Необходимое примечание. Это не совсем так. В подсчетах участвует также высушенный пенис велопсов.
— Лично я, — продолжал Форд тоном, столь покровительственным, что одноклеточные формы жизни, должно быть, при звуках его ускорили эволюцию, дабы побыстрее отрастить руки с пальцами, способные взять по камню и забить его к чертям собачьим. — Лично я строю все расчеты на эмоциях.
— Эмоциях? — поперхнулся Левый Мозг, едва не выпрыгнув из своего шара. — Эмоциях!!! Как ты только позволяешь себе оставаться таким тупым — с одной-то головой?
— А мне нравится быть тупым. Все видится яснее. Быть тупым — это как щуриться на солнце.
Заявления Форда встряхивали шар с Левым Мозгом, как шлепок мокрым полотенцем.
— Солнце? Что ты такое мелешь? Тупость — это тьма и невежество!
— Значит, вы все-таки собирались лететь сюда? В точку с заранее намеченными координатами?

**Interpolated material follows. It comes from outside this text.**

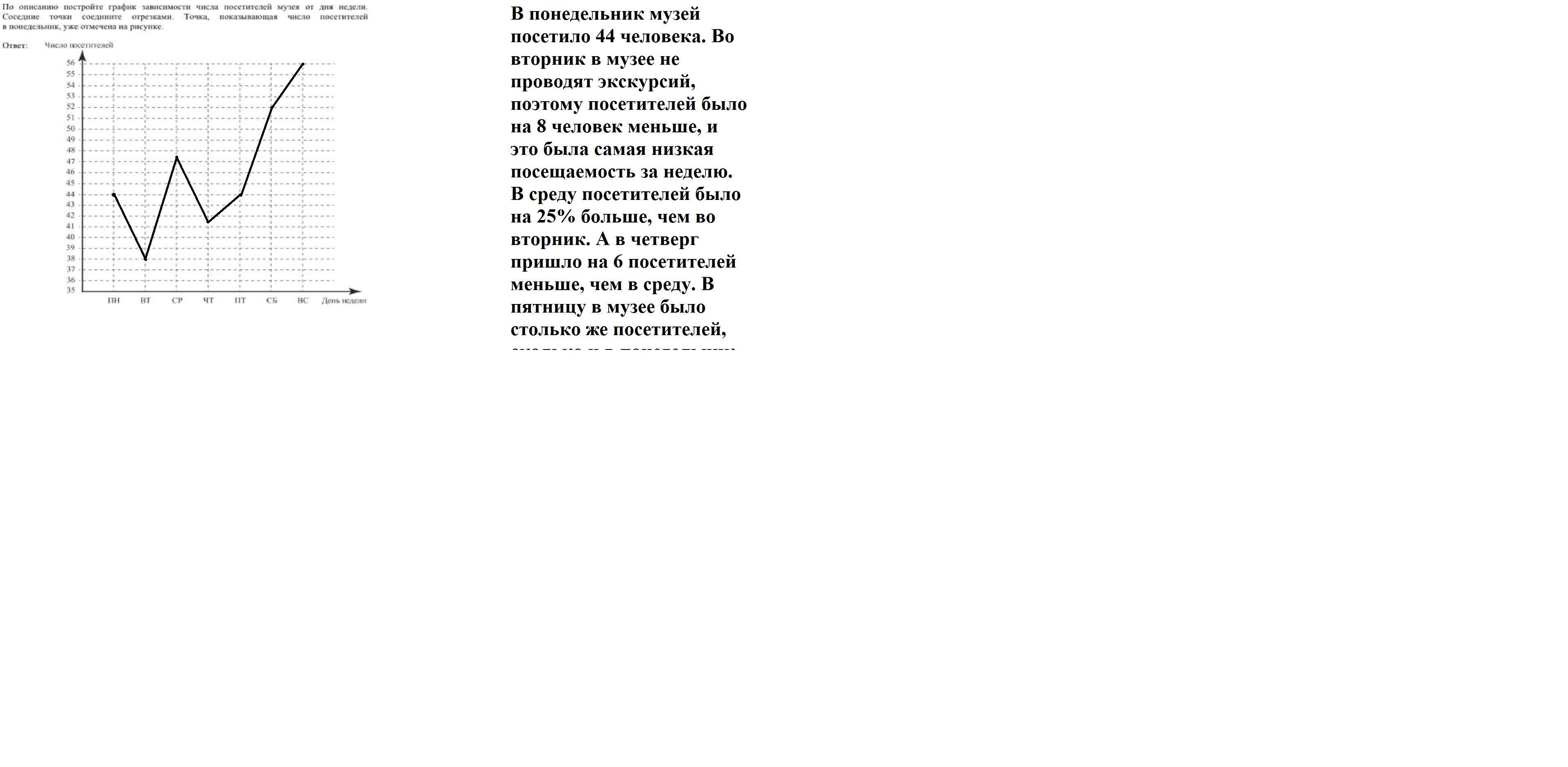 В понедельник музей посетило 44 человека. Во вторник в музее не проводят экскурсий, поэтому посетителей было на 8 человек меньше, и это была самая низкая посещаемость за неделю. В среду посетителей было на 25% больше, чем во вторник. А в четверг пришло на 6 посетителей меньше, чем в среду. В пятницу в музее было столько же посетителей, сколько и в понедельник. В выходные количество посетителей всегда увеличивается. В субботу музей посетило на 8 человек больше, чем в пятницу, аввоскресенье была самая высокая посещаемость за неделю — посетителей было на 4 человека больше, чем в субботу.
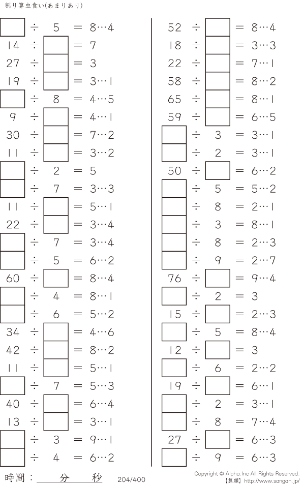 上記のボタンから「虫食い・割り算・あまりあり」の算数数学ドリル・計算ドリル(PDFプリント)がダウンロードできます。個人利用は無料です(家庭以外での配布は有料です)。

— Нет, — признался Левый Мозг. — Намеченная точка была уже уничтожена, так что невероятностный привод перемешал нас в безопасное место.
— И из всех точек Вселенной переместил именно сюда.
— Чистая случайность. Побочный эффект невероятностной тяги.
— Какая уж там случайность. Зафод пришел на помощь любимому кузену. Разве такое невероятно? Такое уже случилось раз — у этой самой планеты. Еще раз — и выйдет закономерность. А в последний раз, когда я проверял значение этого понятия, закономерности не считались особенно уж невероятной вещью.